● WHAT IS REQUIRED: Set down each line of the data exactly, but not the pictures.

● DATA BELOW:
◆ ◆ ◆ ◆ ◆

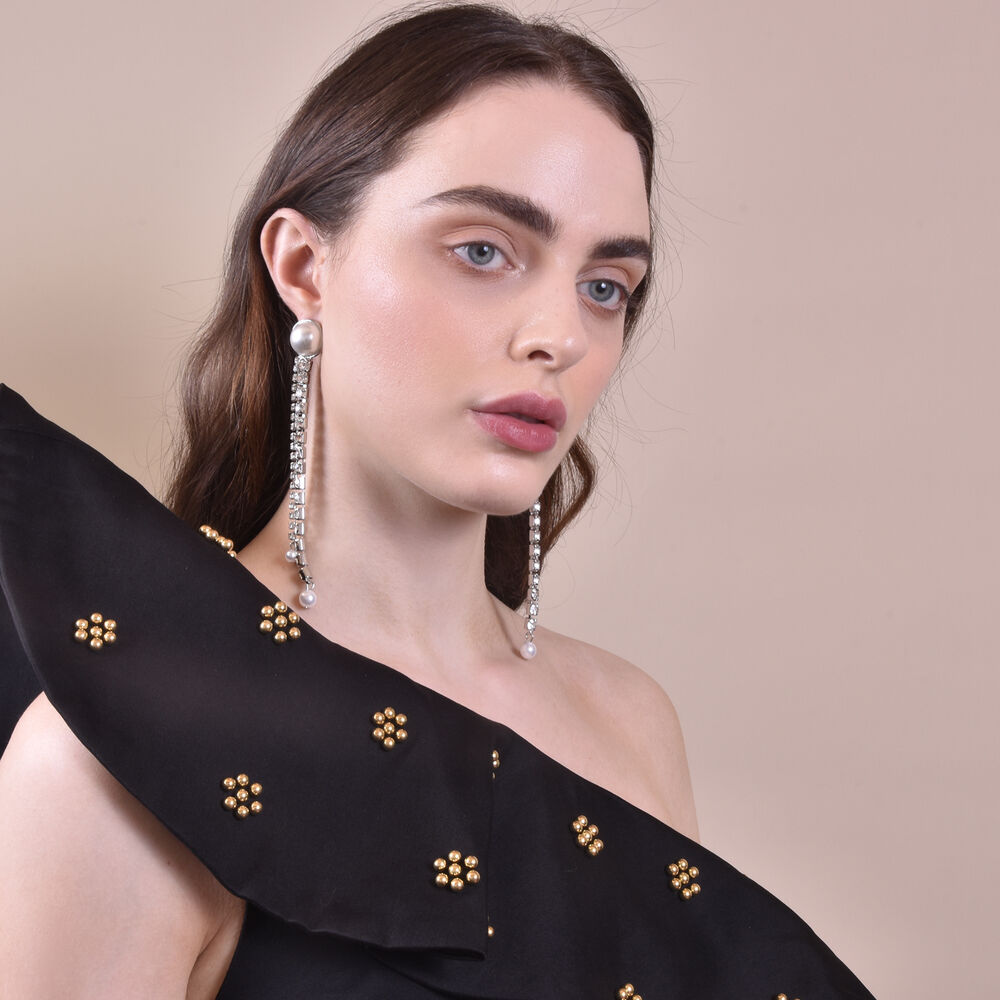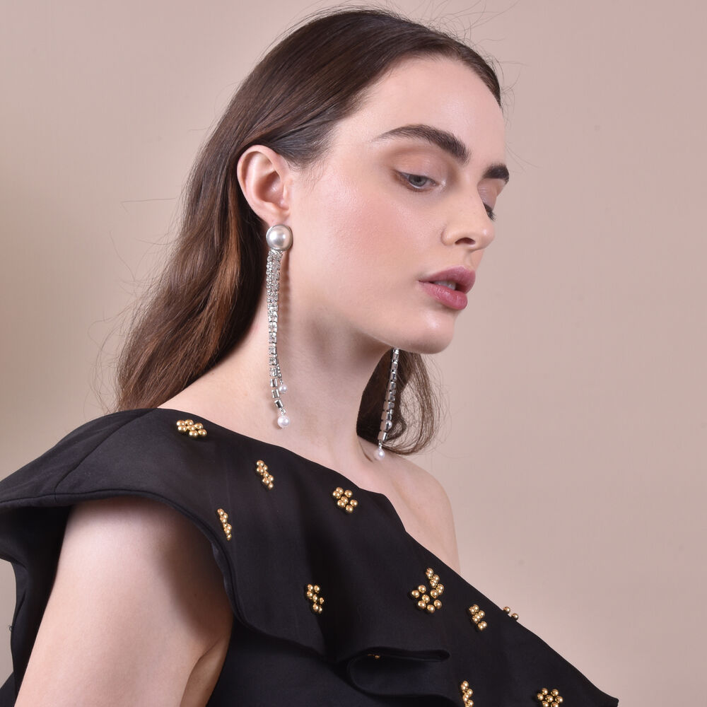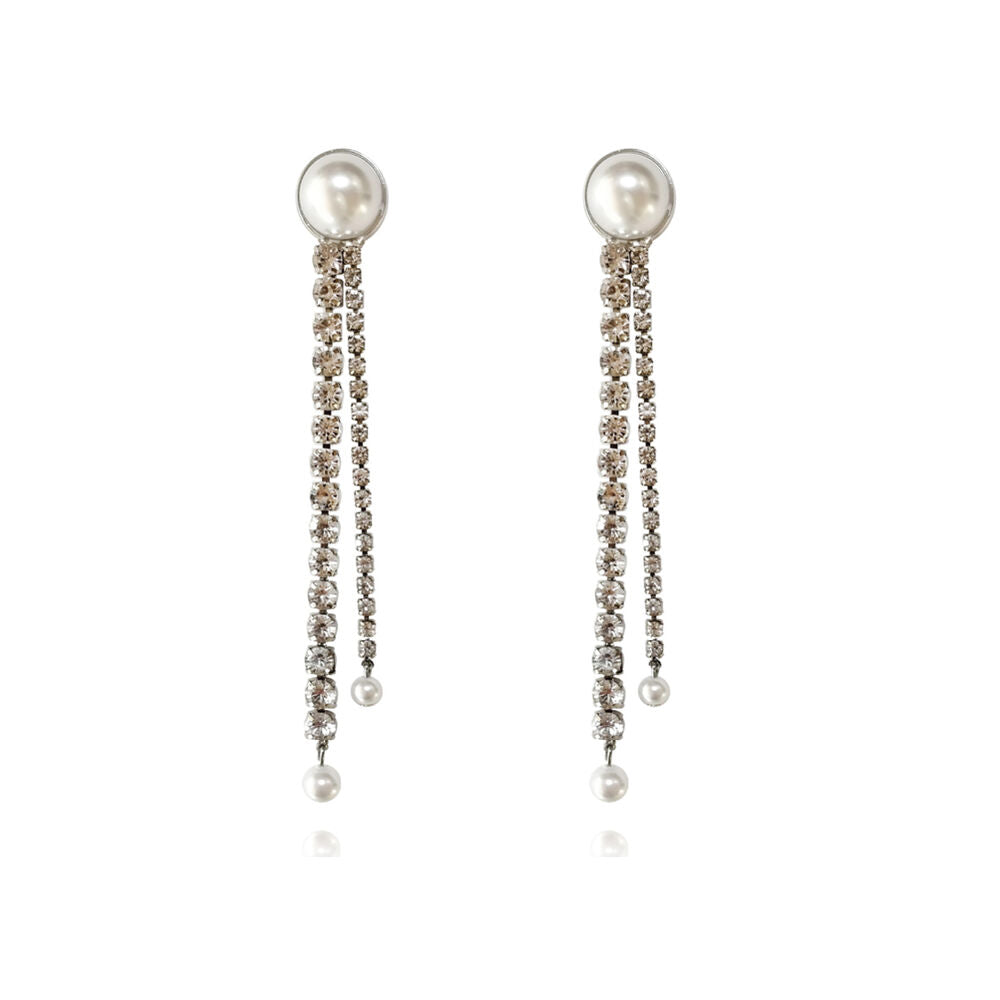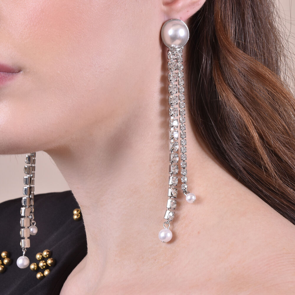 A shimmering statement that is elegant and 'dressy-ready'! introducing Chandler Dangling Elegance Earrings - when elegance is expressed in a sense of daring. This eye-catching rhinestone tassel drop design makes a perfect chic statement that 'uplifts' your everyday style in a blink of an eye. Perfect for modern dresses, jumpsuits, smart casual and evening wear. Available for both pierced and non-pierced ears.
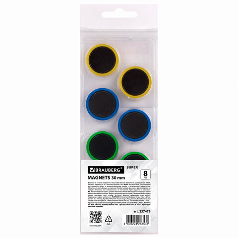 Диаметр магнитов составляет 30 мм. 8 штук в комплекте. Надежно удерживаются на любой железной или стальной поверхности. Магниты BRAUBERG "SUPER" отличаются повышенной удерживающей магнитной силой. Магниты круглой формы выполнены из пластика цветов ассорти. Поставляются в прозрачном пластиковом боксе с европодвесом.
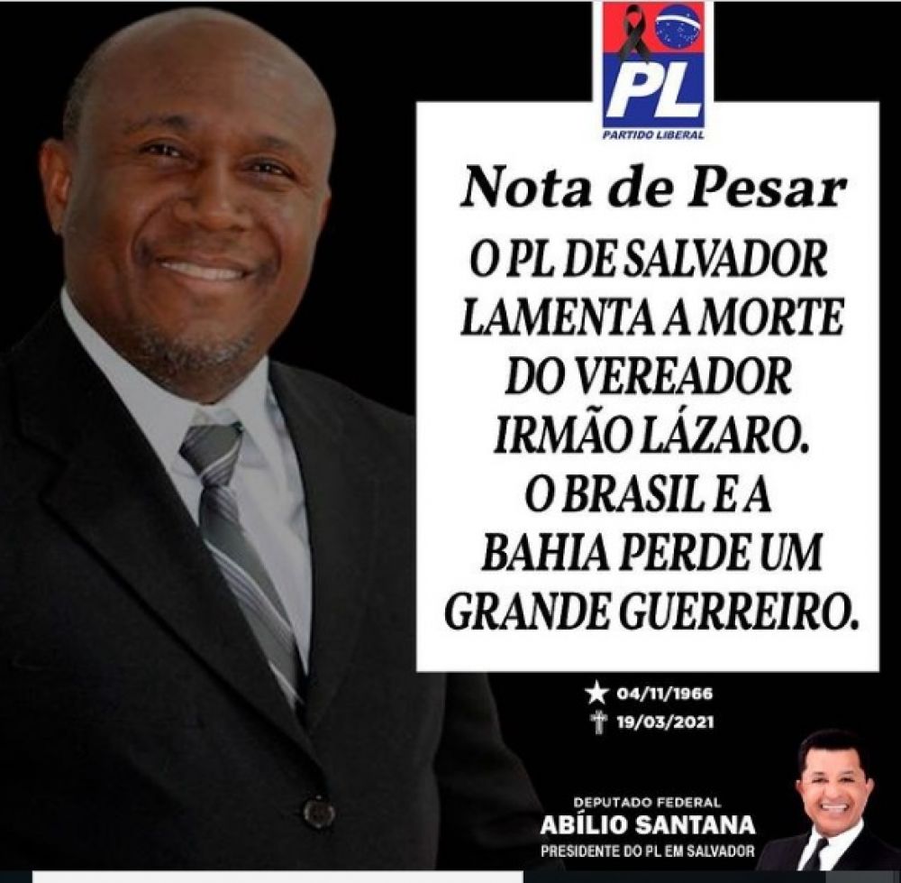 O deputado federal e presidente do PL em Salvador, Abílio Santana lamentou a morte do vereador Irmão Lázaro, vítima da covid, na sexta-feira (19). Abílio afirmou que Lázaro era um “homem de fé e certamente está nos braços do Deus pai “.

◆ ◆ ◆ ◆ ◆

● SOLUTION FOR THIS TASK:
 A shimmering statement that is elegant and 'dressy-ready'! introducing Chandler Dangling Elegance Earrings - when elegance is expressed in a sense of daring. This eye-catching rhinestone tassel drop design makes a perfect chic statement that 'uplifts' your everyday style in a blink of an eye. Perfect for modern dresses, jumpsuits, smart casual and evening wear. Available for both pierced and non-pierced ears.
 Диаметр магнитов составляет 30 мм. 8 штук в комплекте. Надежно удерживаются на любой железной или стальной поверхности. Магниты BRAUBERG "SUPER" отличаются повышенной удерживающей магнитной силой. Магниты круглой формы выполнены из пластика цветов ассорти. Поставляются в прозрачном пластиковом боксе с европодвесом.
 O deputado federal e presidente do PL em Salvador, Abílio Santana lamentou a morte do vereador Irmão Lázaro, vítima da covid, na sexta-feira (19). Abílio afirmou que Lázaro era um “homem de fé e certamente está nos braços do Deus pai “.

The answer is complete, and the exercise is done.